Mr Modi and his praetorian guard in the party and in the outgoing government can be accused of bringing down the quality of public debate by turning it into a no-holds barred us-and-them battle where everything is done to trip Congress president Rahul Gandhi from contesting the election while standing solidly with Hindutva zealot Pragya Thakur in the Bhopal Lok Sabha constituency.
It is this vulgarity – there is nothing pejorative about vulgarity; the original Latin sense of the term denotes the ordinary people and the translation of the Bible into Latin by St. Jerome is known as The Vulgate -- of democracy that repelled Plato, and to an extent Aristotle. Unfortunately, we cannot quote the author of the Arthashastra or some other ancient Indian authority because democracy and its underlying principle of the equal rights of all in the political sphere was not prevalent in old India.
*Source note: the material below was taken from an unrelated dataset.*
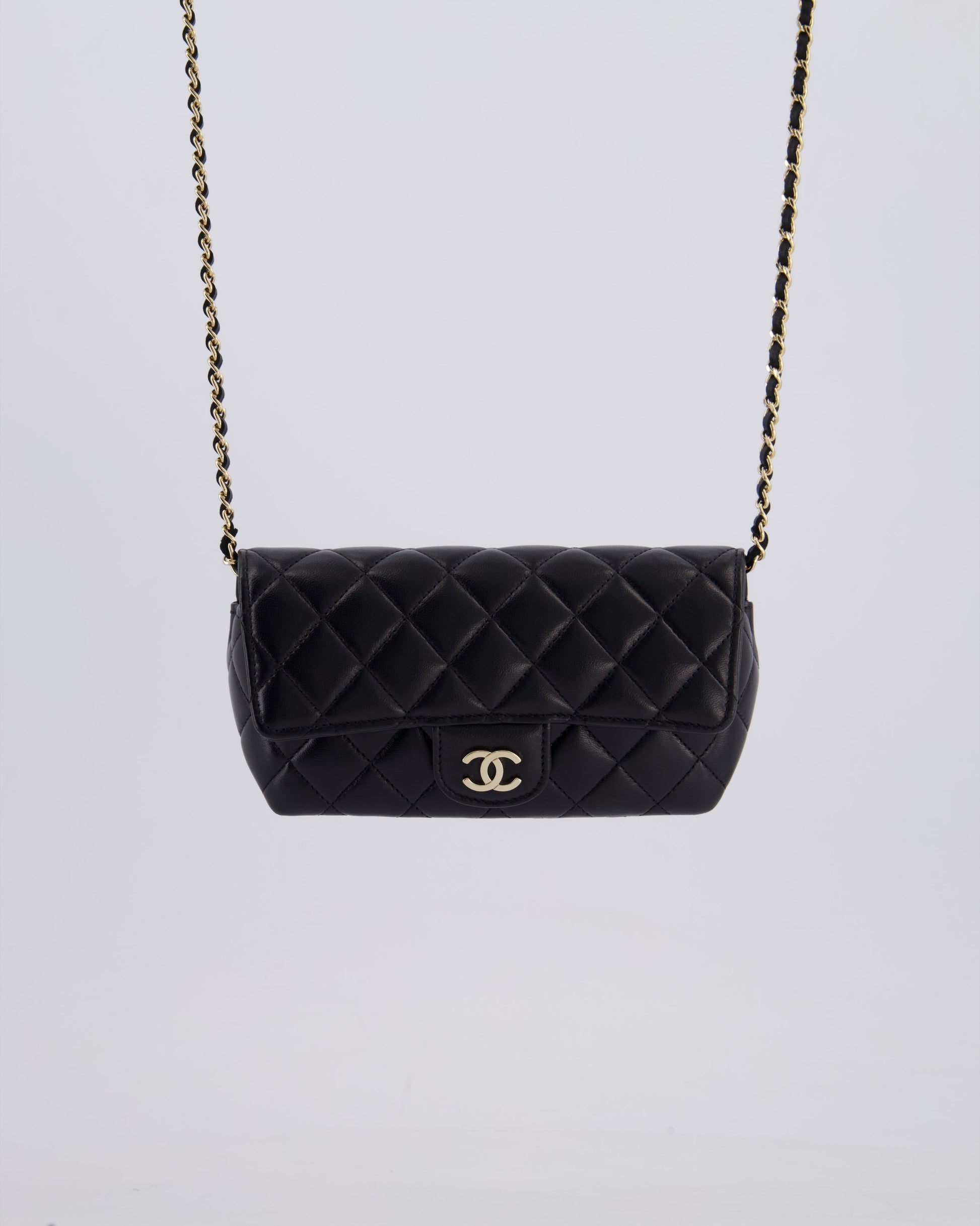 Chanel Black Lambskin Sunglasses Case on Chain Bag with Champagne Gold Hardware

It is the privilege of ancient Greece that it bravely experimented with democracy, and aristocrats like Plato did not hesitate in expressing their repulsion for its vulgar ways. It is often overlooked that it is Athenian democracy that tried Socrates for corrupting the minds of the city’s youth by criticizing the Homeric gods. In his personal political testament, so beautifully outlined in the Seventh Letter, Plato explains his inability to be part of the political scene of his day because of erratic tyrants who would not listen to him on the one side and the factionalism that dominated Athenian politics on the other, and he could not bring himself to play the intellectually unacceptable game of partisan politics. Aristotle was solidly middle class and felt that democracy – he called it polity -- is good because the clash of views among the many is better than the tyrannical sway of the views of the few. But he too did not like what he called the deviant form – he called it democracy -- which spelled the tyranny of the masses.
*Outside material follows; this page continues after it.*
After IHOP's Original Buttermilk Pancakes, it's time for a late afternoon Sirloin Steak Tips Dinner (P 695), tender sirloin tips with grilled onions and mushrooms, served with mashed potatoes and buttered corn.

The haute bourgeoisie’s discomfort and dislike for Mr Modi’s vulgar politics is comparable to the horror felt by the aristocratic class in England after the Second Reform Act of 1867 which extended the voting right to the lower middle classes. There is no likelihood of Indian democracy getting back to the imagined salon decencies of the past. The coarseness and loudness is here to stay with or without Mr Modi and his friends around. In a distant future, when India becomes an advanced economy and prosperity levels improve, there could be a gentler dialogue among the politicians of diverse hues. Even in the United States, the democratic dialogue has slumped to a deplorable low with President Donald Trump unleashing belligerence in his 2016 campaign not seen since post-Civil War Yankee days. The middle class must accept the good as well as the bad that is inherent in democracy. It cannot always be ideal and decent. It turns loud and coarse. In other words, vulgar.